VideoNorms: Benchmarking Cultural Awareness of Video Language Models

TL;DR

VideoNorms introduces a cross-cultural benchmark for evaluating cultural awareness in video-language models, pairing US and Chinese norms with 15-second video clips and three evaluation tasks. A three-stage workflow—clip selection, speech-act theory prompted teacher annotations, and human verification—produces a dataset of over 1000 (video clip, norm) pairs with verbal and non-verbal evidence and norm-generation outputs. The authors benchmark open-weight VideoLLMs and reveal systematic gaps: norm violation detection is harder than adherence, CN norms are harder than US norms, non-verbal cues are underutilized, and formal contexts exacerbate difficulties, with models largely similar in performance. The work highlights the need for culturally grounded training and larger-scale cross-cultural evaluation to ensure VideoLLMs generalize across global contexts and social norms.

Abstract

As Video Large Language Models (VideoLLMs) are deployed globally, they require understanding of and grounding in the relevant cultural background.
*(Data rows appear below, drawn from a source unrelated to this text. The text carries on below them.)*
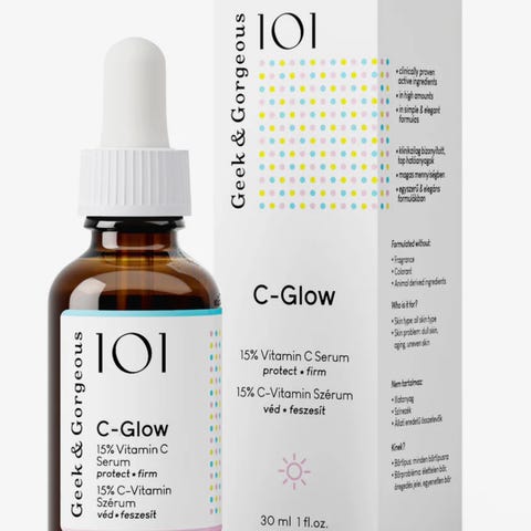 Drunk Elephant C-Bright Rad Drops serum i 30 ml emballasje. Produktet er formulert for hudpleie med fokus på å forbedre hudens utseende.
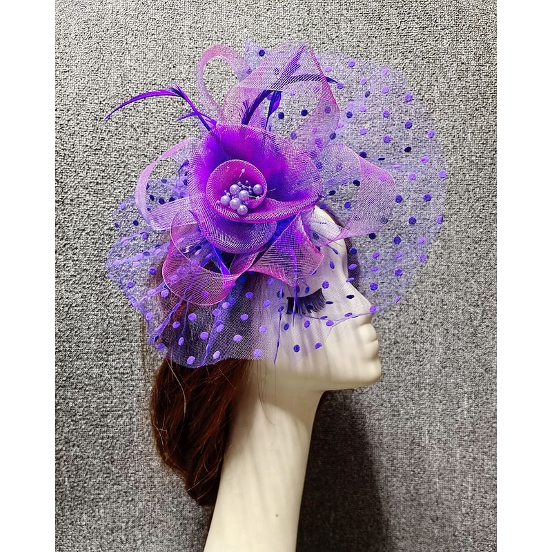 Fascinators Net Veil Hat Wedding Ladies Day With Feather Pearl Headpiece Headwear 8
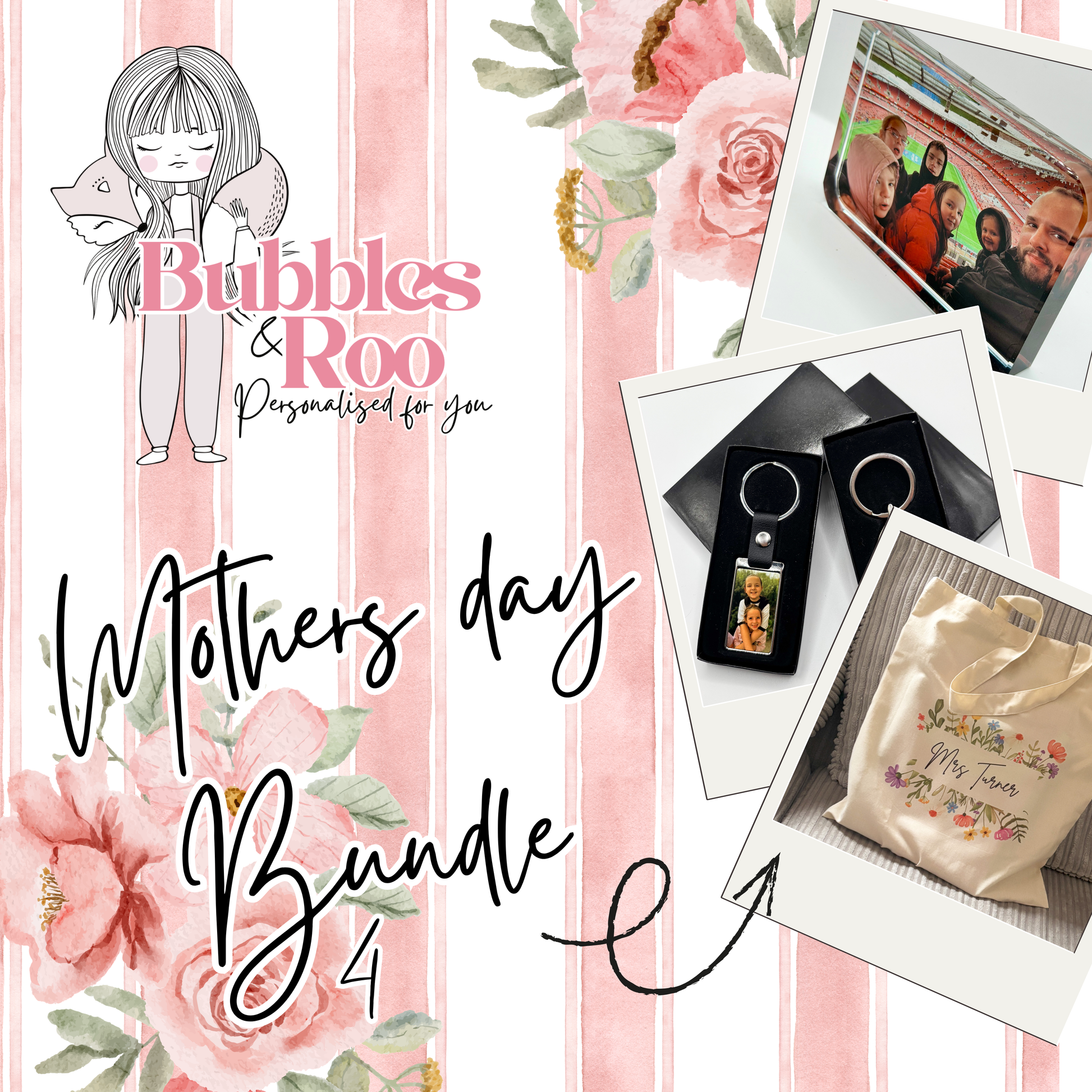 Mothers Day Bundle 4 | Large crystal photo block | Leather chain keyring | Tote bag | photos | gift

To properly assess these models' cultural awareness, adequate benchmarks are needed. We introduce VideoNorms, a benchmark of over 1000 (video clip, norm) pairs from US and Chinese cultures annotated with socio-cultural norms grounded in speech act theory, norm adherence and violations labels, and verbal and non-verbal evidence. To build VideoNorms, we use a human-AI collaboration framework, where a teacher model using theoretically-grounded prompting provides candidate annotations and a set of trained human experts validate and correct the annotations. We benchmark a variety of open-weight VideoLLMs on the new dataset which highlight several common trends: 1) models performs worse on norm violation than adherence; 2) models perform worse w.r.t Chinese culture compared to the US culture; 3) models have more difficulty in providing non-verbal evidence compared to verbal for the norm adhere/violation label and struggle to identify the exact norm corresponding to a speech-act; and 4) unlike humans, models perform worse in formal, non-humorous contexts. Our findings emphasize the need for culturally-grounded video language model training - a gap our benchmark and framework begin to address.

Paper Structure

This paper contains 38 sections, 5 figures, 8 tables.

Figures (5)

  • Figure 1: VideoNorms Dataset Construction: left panel shows teacher VideoLLM generations using speech act theory prompting; right panel shows the expert annotator editing process.
  • Figure 2: Examples of Gemini-generated normative behavior annotations and corresponding human refinements for US (left) and Chinese (right) shows, as recorded through the annotation interface.
  • Figure 3: F1 score distributions with 95% CIs by norm category for the US, for Tasks 1, 2 (non-verbal), 3.
  • Figure 4: Detailed instructions provided on the first page of the user interface. The page is cut into 5 screenshots, from left to right, in this figure.
  • Figure 5: User Interface shown to annotators. It comprises of a 15 second clip with an option to edit the predicted norm from Teacher model.